What this task involves
Transcribe exactly, and only, the lines from the one with "经济强镇挑起发展大梁 今年长安、松山湖GDP力争破千亿" through the end of the records below, including both of those lines. Skip all pictures.

Saved data entries:
= Beginning of Section =

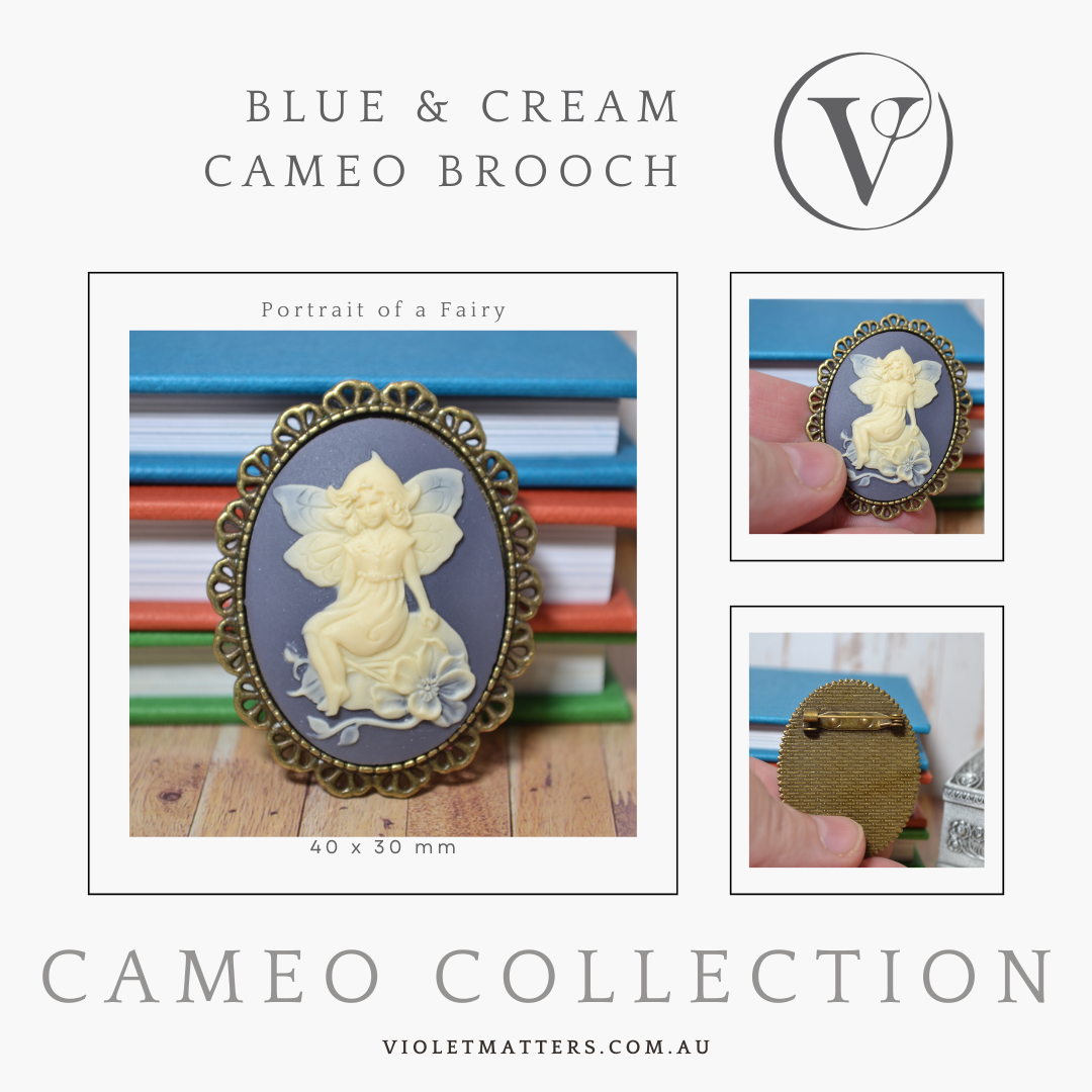 Are you looking for something a little different and special? This particular cameo brooch has been set within an antique bronze plated frame and features a cream raised woodland fairy mounted on a blue resin base.
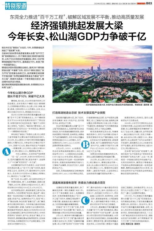 经济强镇挑起发展大梁 今年长安、松山湖GDP力争破千亿
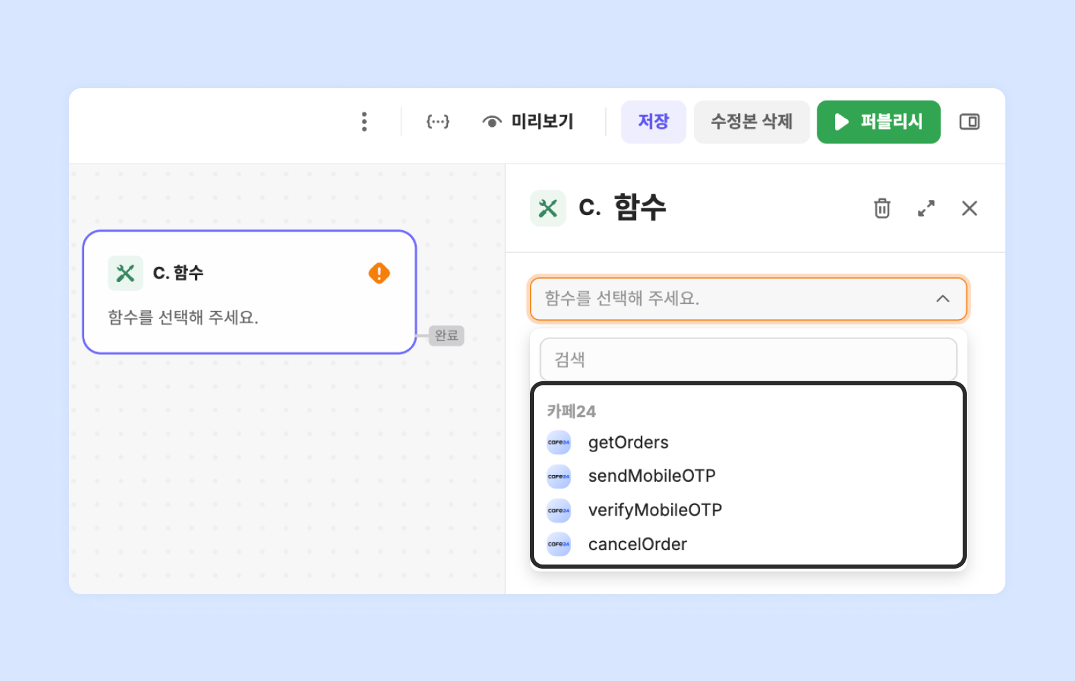 태스크 설정 화면에서 '함수'를 클릭하여 단계를 추가하세요.
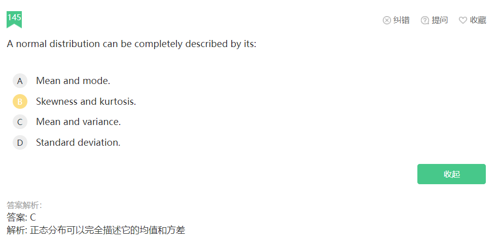 同学你好,描述一个分布的维度有四个(均值、方差、偏度、峰度),但对于正态分布而言,均值和方差基本就可以完全对正态分布做一个描述了,因为正态分布的偏度为0,峰度为3,这些都是性质,可以作为已知条件的。
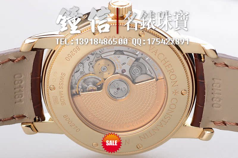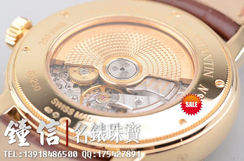 18K黄金表壳及表扣,圣伯纳狗头印记。蓝宝石水晶镜面及底盖。原装全新密西西比棕色鳄鱼皮表带。古典优雅的钱币纹式样表壳,银白色立体雕纹表盘,VC唯一款日内瓦印记置于表盘正面的腕表。金质刻度及指针,烧蓝钢月份,日历,及动显指针,法文月份盘显示。十字勋章表把。底盖有250周年纪念款字样。
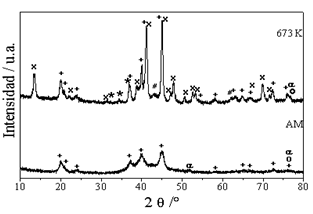 La evolución de las fases durante la molienda fue estudiada por difracción de rayos-X (DRX) en un difractómetro Shimadzu XDR-6000 usando radiación Cu-Kα. El tamaño de los cristalitos se determinó mediante la ecuación de Scherrer [10]. El tamaño del polvo, la morfología y homogeneidad química se estudiaron utilizando un microscopio electrónico de barrido (SEM) Zeiss Evo/MA 10. La estabilidad térmica de los polvos se estudió por medio de calorimetría diferencial de barrido (DSC) en un DSC 2929 TA Instrument. El barrido de temperatura para todas las muestras fue de 300 a 773 K, usando una velocidad de calentamiento de 10 K/min bajo un flujo de nitrógeno de 80 ml/min.
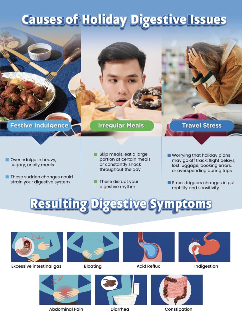It refers to digestive issues such as gas, bloating, indigestion, sluggish digestion, diarrhoea, or constipation that are commonly observed during the holiday season because of sudden changes in diets, eating habits, and routines.
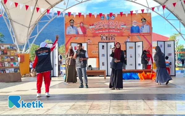Para penggiat literasi di Car Free Day memilih jalan unik: mengemas ilmu lewat kuis berhadiah. Anak-anak pun antusias, bukan semata karena hadiah, tapi karena tawa yang menyertai. Satirnya, buku baru dilirik bila disandingkan dengan doorprize. Namun justru di situlah benih literasi tumbuh—pelan, sederhana, tapi menjanjikan arah. (Foto: Mursal/Ketik)

= End of Section =

Response
 经济强镇挑起发展大梁 今年长安、松山湖GDP力争破千亿
 태스크 설정 화면에서 '함수'를 클릭하여 단계를 추가하세요.
 同学你好,描述一个分布的维度有四个(均值、方差、偏度、峰度),但对于正态分布而言,均值和方差基本就可以完全对正态分布做一个描述了,因为正态分布的偏度为0,峰度为3,这些都是性质,可以作为已知条件的。
 18K黄金表壳及表扣,圣伯纳狗头印记。蓝宝石水晶镜面及底盖。原装全新密西西比棕色鳄鱼皮表带。古典优雅的钱币纹式样表壳,银白色立体雕纹表盘,VC唯一款日内瓦印记置于表盘正面的腕表。金质刻度及指针,烧蓝钢月份,日历,及动显指针,法文月份盘显示。十字勋章表把。底盖有250周年纪念款字样。
 La evolución de las fases durante la molienda fue estudiada por difracción de rayos-X (DRX) en un difractómetro Shimadzu XDR-6000 usando radiación Cu-Kα. El tamaño de los cristalitos se determinó mediante la ecuación de Scherrer [10]. El tamaño del polvo, la morfología y homogeneidad química se estudiaron utilizando un microscopio electrónico de barrido (SEM) Zeiss Evo/MA 10. La estabilidad térmica de los polvos se estudió por medio de calorimetría diferencial de barrido (DSC) en un DSC 2929 TA Instrument. El barrido de temperatura para todas las muestras fue de 300 a 773 K, usando una velocidad de calentamiento de 10 K/min bajo un flujo de nitrógeno de 80 ml/min.
It refers to digestive issues such as gas, bloating, indigestion, sluggish digestion, diarrhoea, or constipation that are commonly observed during the holiday season because of sudden changes in diets, eating habits, and routines.
Para penggiat literasi di Car Free Day memilih jalan unik: mengemas ilmu lewat kuis berhadiah. Anak-anak pun antusias, bukan semata karena hadiah, tapi karena tawa yang menyertai. Satirnya, buku baru dilirik bila disandingkan dengan doorprize. Namun justru di situlah benih literasi tumbuh—pelan, sederhana, tapi menjanjikan arah. (Foto: Mursal/Ketik)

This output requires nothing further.